The mountain's toponym was officially adopted on April 7, 1955, by the Geographical Names Board of Canada. The mountain's name honors Royal Canadian Air Force Pilot Officer Alexander Harvey Macleod, from Sardis, who was killed in WWII action during air operations over Europe on October 15, 1944, at age 22.

==Geology==

The North Cascades features some of the most rugged topography in the Cascade Range with craggy peaks, ridges, and deep glacial valleys. Geological events occurring many years ago created the diverse topography and drastic elevation changes over the Cascade Range leading to the various climate differences. These climate differences lead to vegetation variety defining the ecoregions in this area.

The history of the formation of the Cascade Mountains dates back millions of years ago to the late Eocene Epoch. With the North American Plate overriding the Pacific Plate, episodes of volcanic igneous activity persisted. In addition, small fragments of the oceanic and continental lithosphere called terranes created the North Cascades about 50 million years ago.

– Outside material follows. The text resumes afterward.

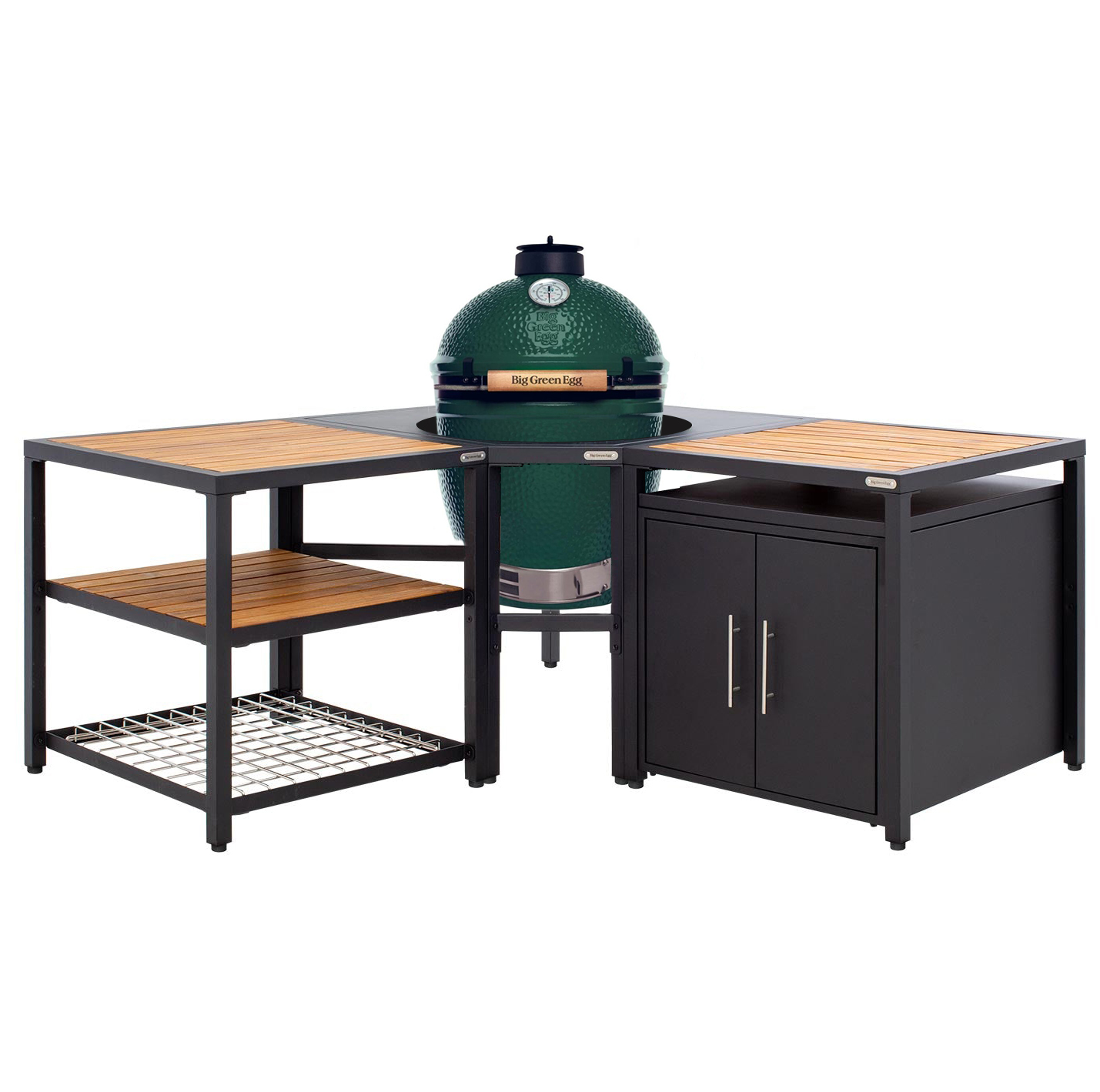 Het modulaire tafelsysteem van Big Green Egg is de ideale buitenkeuken opstelling. Nog meer kookplezier en bovendien veel meer werkruimte. Om het je gemakkelijk te maken hebben we bij BBQ Green Egg Store diverse opstellingen voor je geconfigureerd. Zo hoef je niet zelf aan de slag maar is het modulaire tafelsysteem direct volgens jouw wens samengesteld.

During the Pleistocene period dating back over two million years ago, glaciation advancing and retreating repeatedly scoured the landscape leaving deposits of rock debris. The U-shaped cross sections of the river valleys are a result of recent glaciation. Uplift and faulting in combination with glaciation have been the dominant processes which have created the tall peaks and deep valleys of the North Cascades area.

==Climate==

Most weather fronts originate in the Pacific Ocean, and travel east toward the Cascade Mountains. As fronts approach the North Cascades, they are forced upward by the peaks of the Cascade Range, causing them to drop their moisture in the form of rain or snowfall (orographic lift). As a result, the west side of the North Cascades experiences higher precipitation than the east side. During winter months, weather is usually cloudy, but due to high pressure systems over the Pacific Ocean that intensify during summer months, there is often little or no cloud cover during the summer. As a result, the Cascade Mountains experience high precipitation, especially during the winter months in the form of snowfall. Winter temperatures can drop below −10 °C with wind chill factors below −20 °C. The months of July through September offer the most favorable weather for viewing and climbing Macleod Peak.